As illustrated in FIGS. 3 and 6, the liquid ejecting head 10 includes the COM lines 54. The COM lines 54 are electrically coupled to the piezoelectric elements 50. The COM lines 54 are each coupled to the corresponding individual electrodes 51.

The COM lines 54 extend in the x-axis direction and are drawn into an opening 27a in the sealing plate 27. The opening 27a is illustrated in FIGS. 1 and 2. Illustration of the COM lines 54 is omitted in FIG. 1. The opening 27a penetrates the sealing plate 27 in the z-axis direction. The COM lines 54 are electrically coupled to the COF 60 at a position corresponding to the opening 27a when viewed in the z-axis direction. The COM lines 54 are made of a conductive material having lower resistance than that of the individual electrodes 51. For example, the COM lines 54 are conductive patterns having a structure of laminating a gold (Au) conductive film on a surface of a conductive film made of nichrome (NiCr).

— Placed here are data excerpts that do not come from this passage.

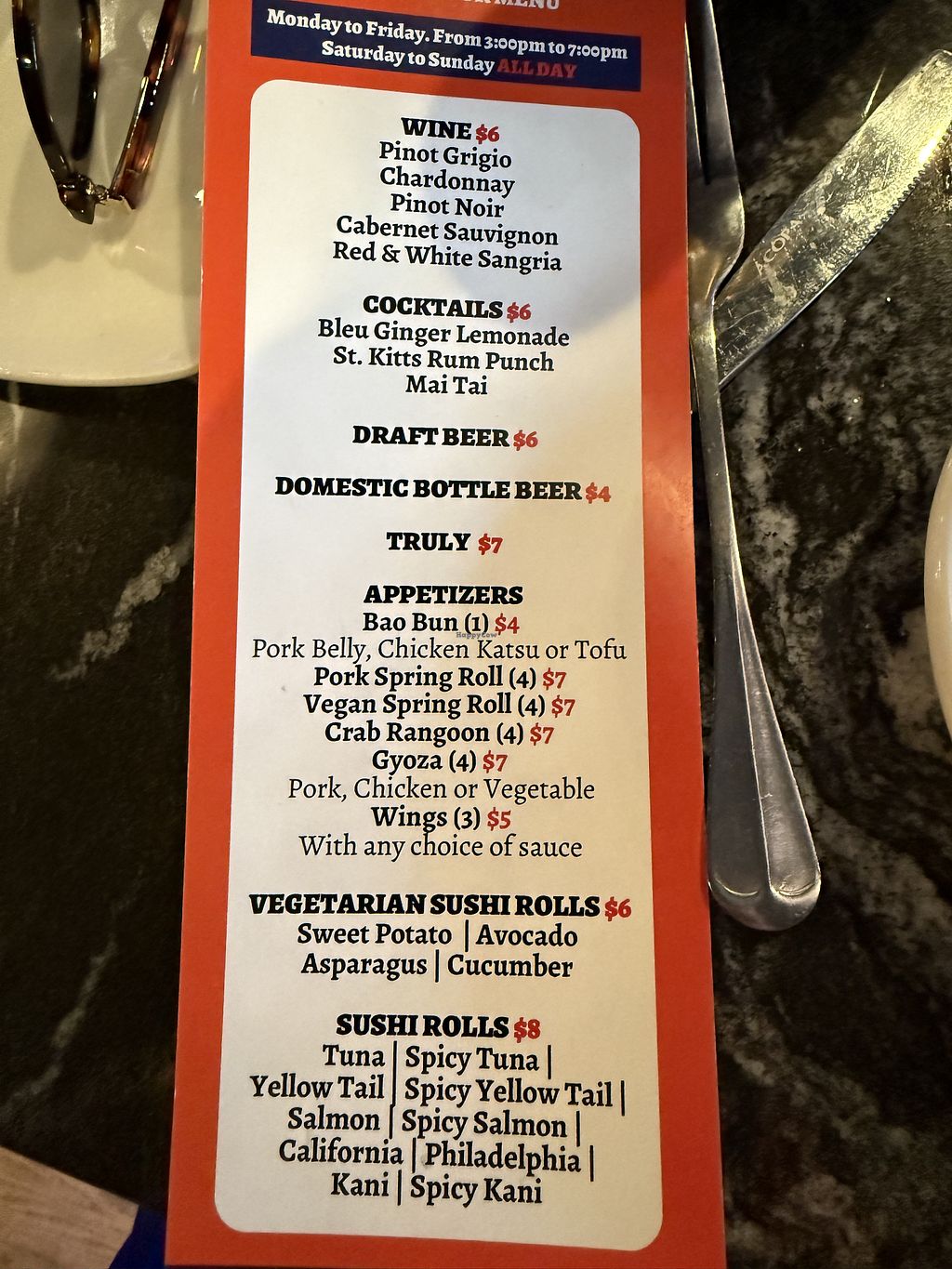 S&P was booked so decided to try this place. Walked right and ate at the bar for happy hour specials. My tofu boa bun and asparagus roll were fantastic. Not hungry enough to try the vegan spring rolls. Grateful for a place with options! Service was really nice too. Thanks!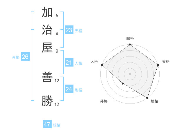 加治屋 善勝さんを姓名の画数から五運を鑑定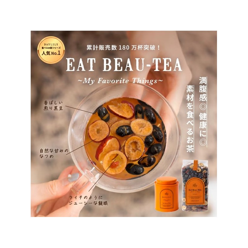 DAYLILY EAT BEAU-TEA ~My Favorite Things~ Eat Tea, Jujube, Longan, Longan, Black Beans, Caffeinated Japanese and Chinese Blend Tea, 1 Can, 2.2 oz (65 g)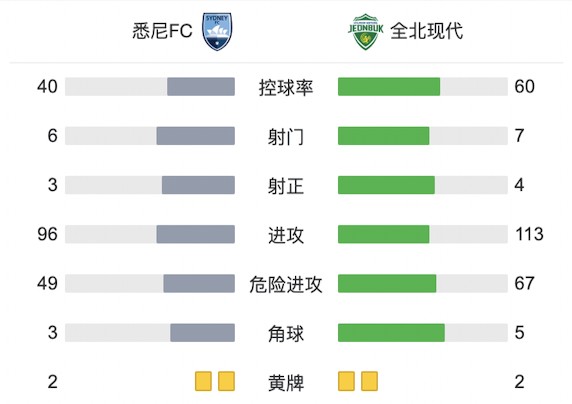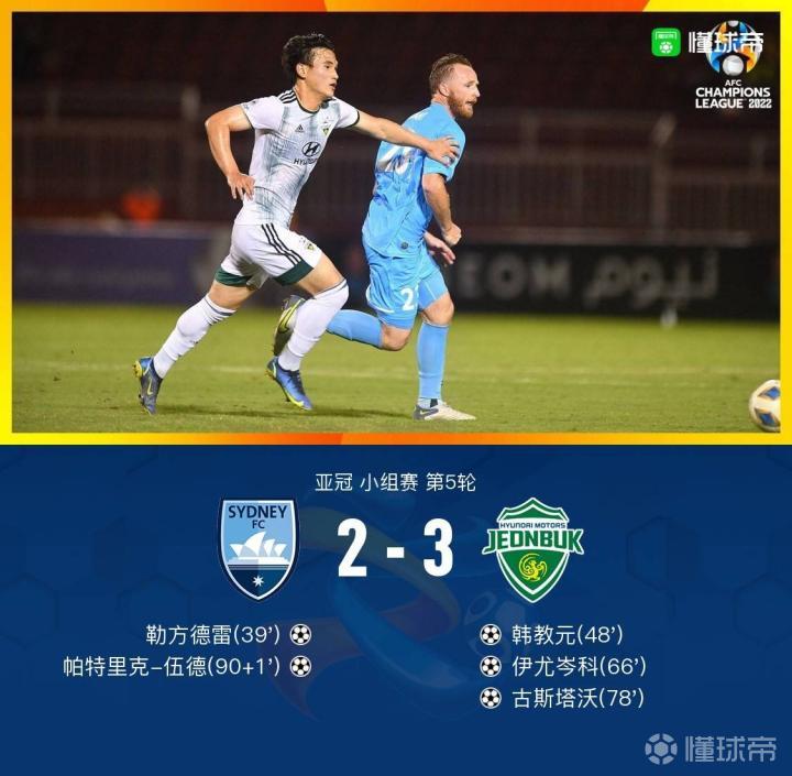 悉尼2-3遭全北现代逆转提前出局,韩教元传射建功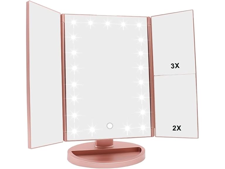 - 180 degree rotation & Tri-fold: The light-emitting makeup mirror on the worktable can be easily adjusted, and the viewing angle can be fixed perfectly and comfortably. Tri-Fold Design :Easy for take away and daily maintenance, can open or fold it like a book when not using to protect it away from the dust or other scratches.The tri-fold and detachable design allows you to take it with you and enjoy delicate makeup anytime, anywhere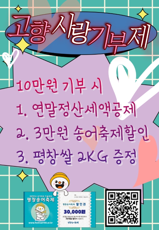 전재준 군 세정과장은 “평창송어축제를 찾는 방문객들이 고향사랑기부에 참여하고 1석 3조의 혜택을 챙겨가셨으면 좋겠다.”라고 밝혔다.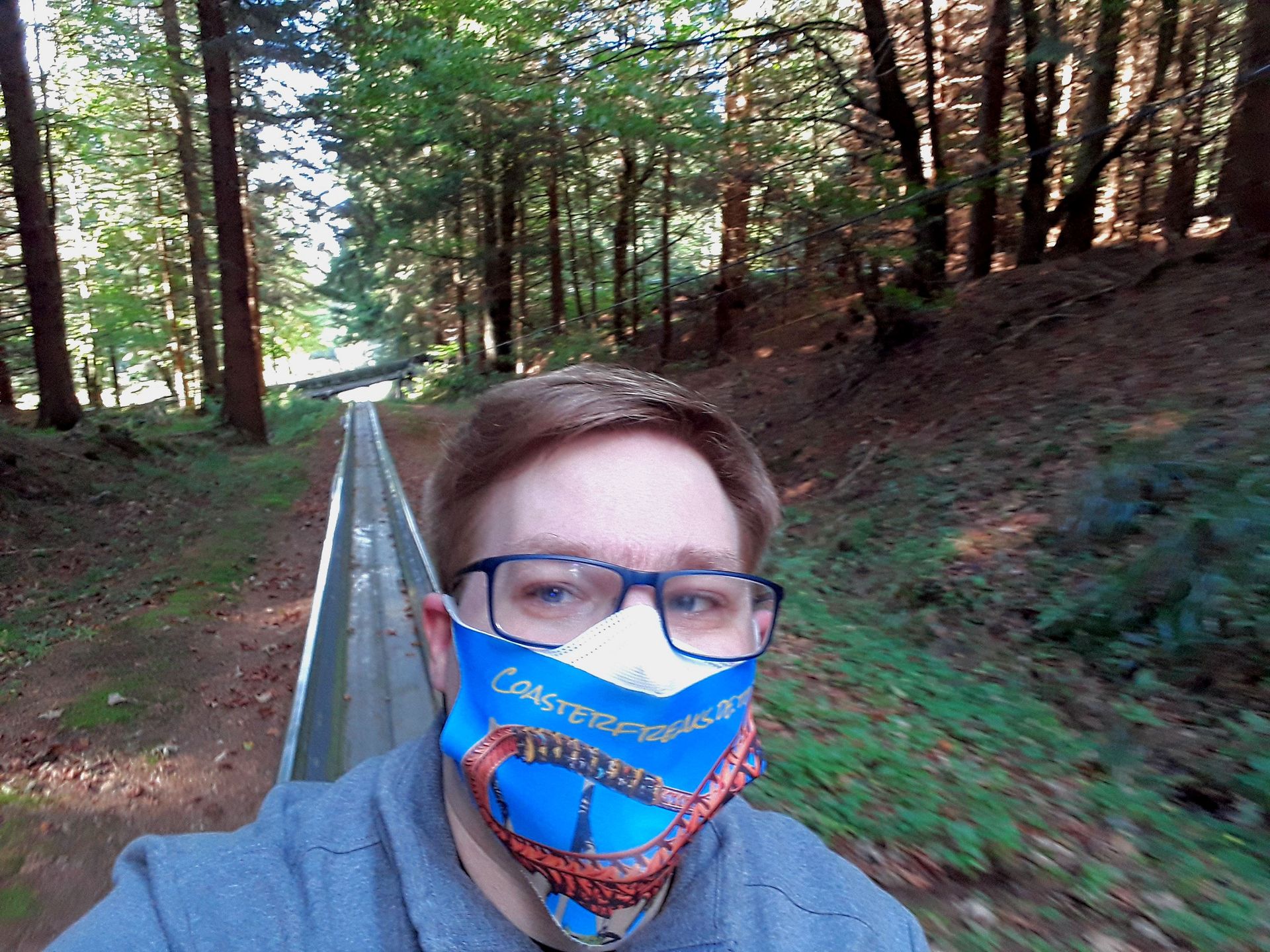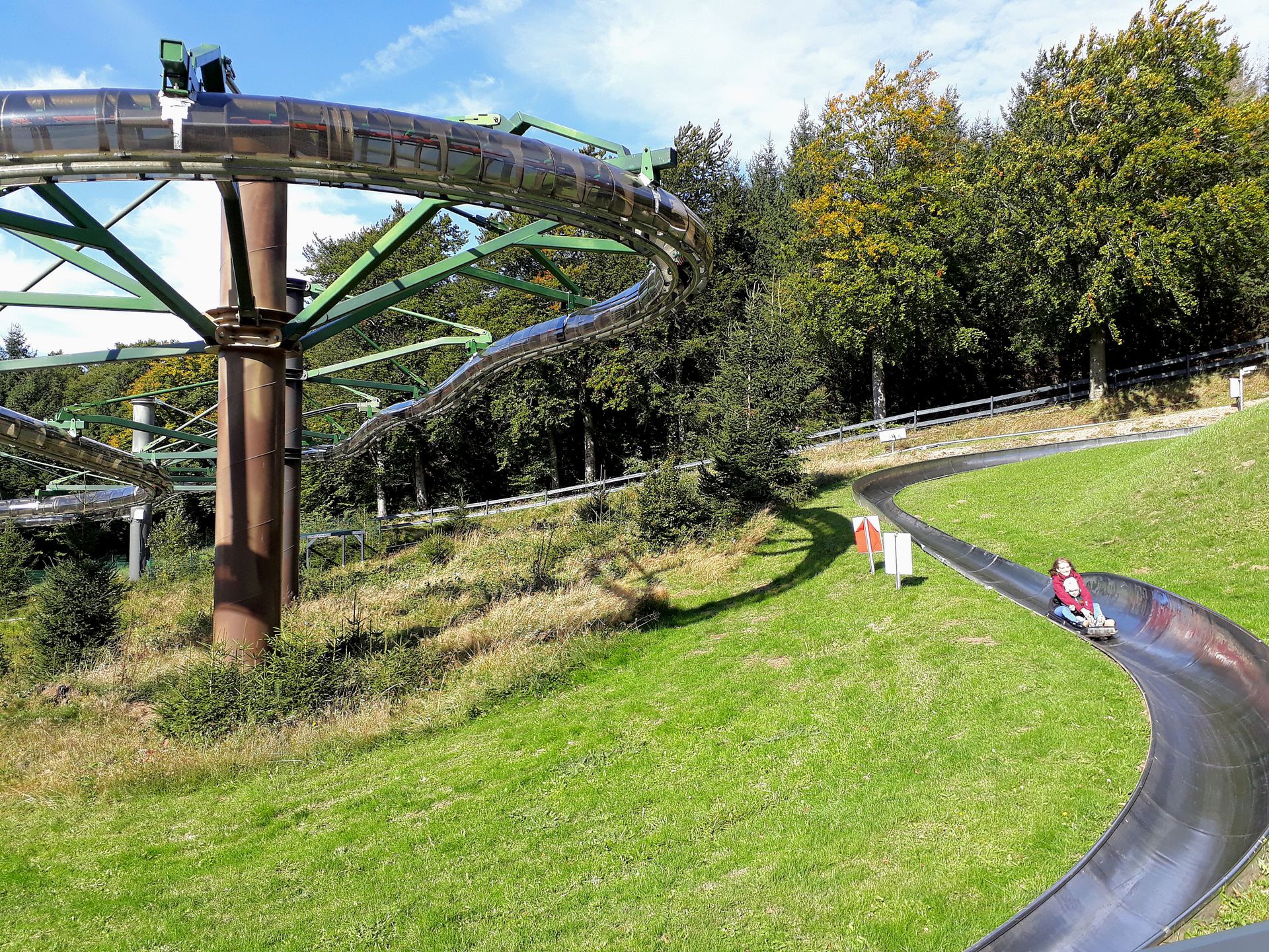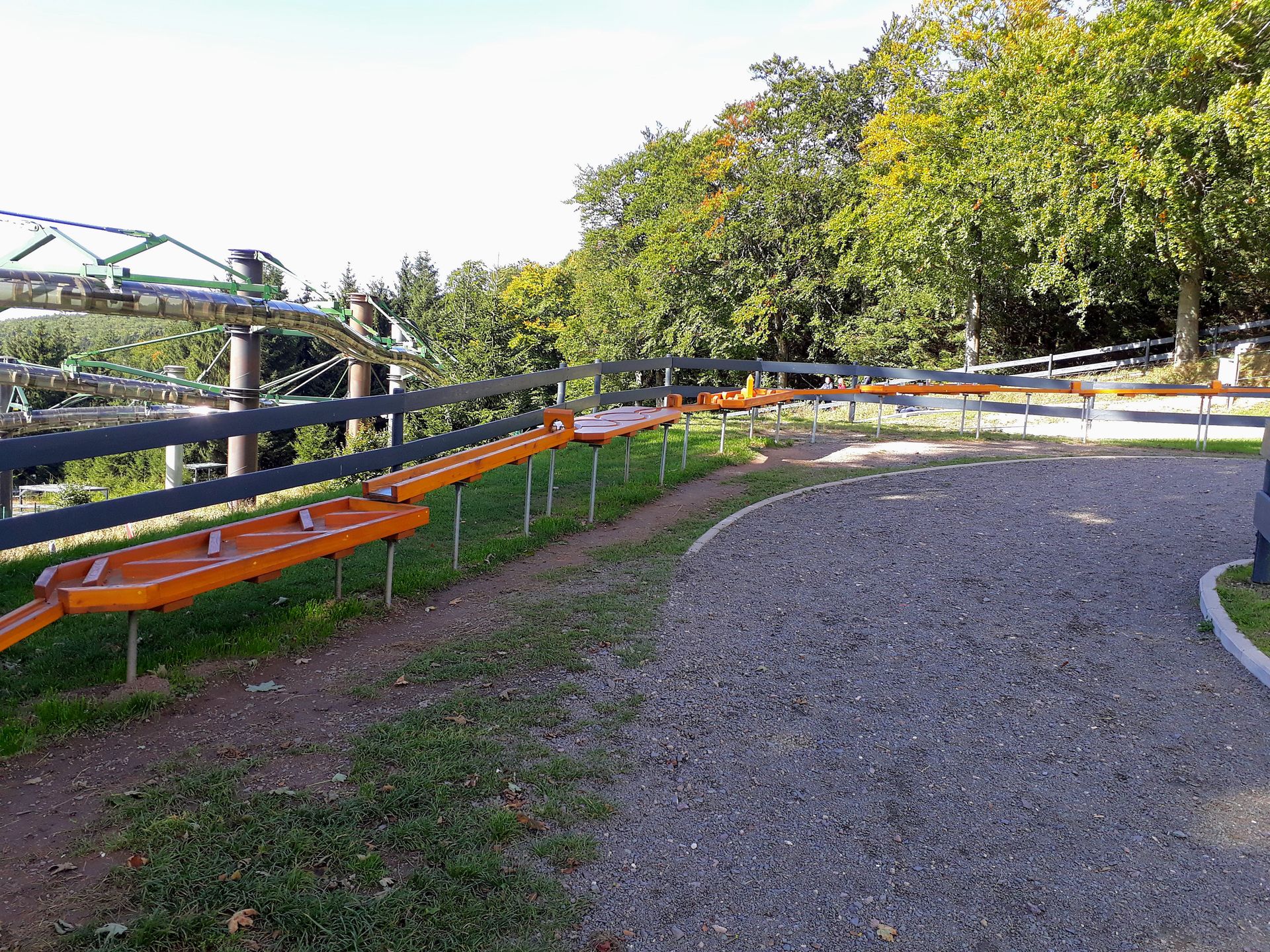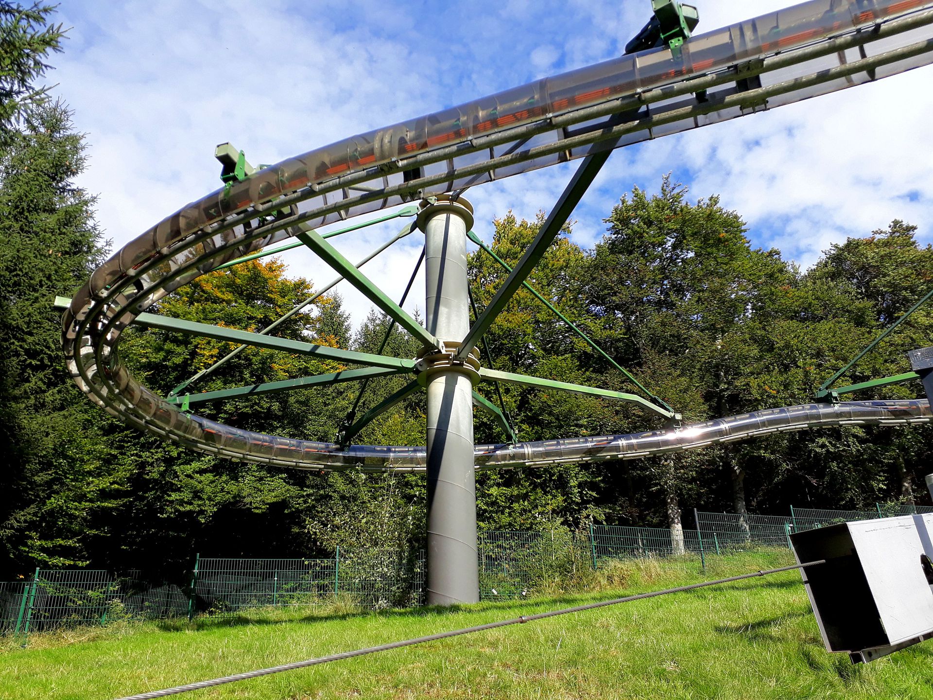 Da die Rinne noch leicht feucht und dreckig sei, sollten wir etwas vorsichtiger fahren, was wir auch taten. Von Feuchtigkeit habe ich allerdings wenig gemerkt. Im stärker bewaldeten Teil unten lag halt etwas Laub und Dreck in der Bahn, das schien die Bremswirkung aber auch nicht signifikant zu beeinträchtigen. Nach den ersten noch recht offenen Kurven mit kleinem Jump durch den Funpark verschwindet die Strecke wie gesagt im Wald und ist von außen nicht mehr einzusehen. Der Besuchs wird nach unten hin immer dichter und man wundert sich dann doch irgendwann, wie weit es denn noch nach unten geht. Dabei beträgt die Höhendifferenz angeblich nur 65 Meter - im Gegensatz zu 111 Metern bei der deutlich kürzeren Bahn in Ruhla. Auch hier gibt es kein Mega-Highlight, aber langweilig sind die 1.000 Meter Bergabstrecke dennoch nicht.

As illustrated in FIG. 6, each of the COM lines 54 includes an electrode layer 54a, a first adhesion layer 54b, and a first wiring layer 54c. The electrode layer 54a covers an end surface in the x2 direction of the piezoelectric body 53. The end surface in the x2 direction forms a surface intersecting the x-axis direction. The first adhesion layer 54b covers the electrode layer 54a and the individual electrode 51. The first adhesion layer 54b adheres to the electrode layer 54a and the individual electrode 51. The first wiring layer 54c covers the first adhesion layer 54b. The first wiring layer 54c is electrically coupled to the individual electrode 51 via the first adhesion layer 54b.

The COM lines 54 are electrically coupled to the flexible wiring board 61 via a COF mounting portion 64 illustrated in FIG. 2. The COF mounting portion 64 includes a conductive layer that electrically couples the first wiring layer 54c of the COM lines 54 to a wiring portion of the flexible wiring board 61. Each individual electrode 51 is electrically coupled to the driving circuit 62 via the COM line 54, the COF mounting portion 64, and the flexible wiring board 61.

As illustrated in FIGS. 3 to 8, the liquid ejecting head 10 includes the VBS line 55. The VBS line 55 is electrically coupled to the common electrode 52. The VBS line 55 is electrically coupled to the COF 60 via VBS line mounting portions (not illustrated). The VBS line mounting portions are disposed at two end portions in the y-axis direction of the liquid ejecting head 10, for example. The “VBS line 55” represents an example of a “first wiring portion”.

As illustrated in FIG. 6, the VBS line 55 is located away from the COM line 54 in the x-axis direction. An insulating adhesive 59 is provided between the VBS line 55 and the COM line 54. The sealing plate 27 is attached to the VBS line 55, the piezoelectric body 53, the COM lines 54, and the like by using the adhesive 59.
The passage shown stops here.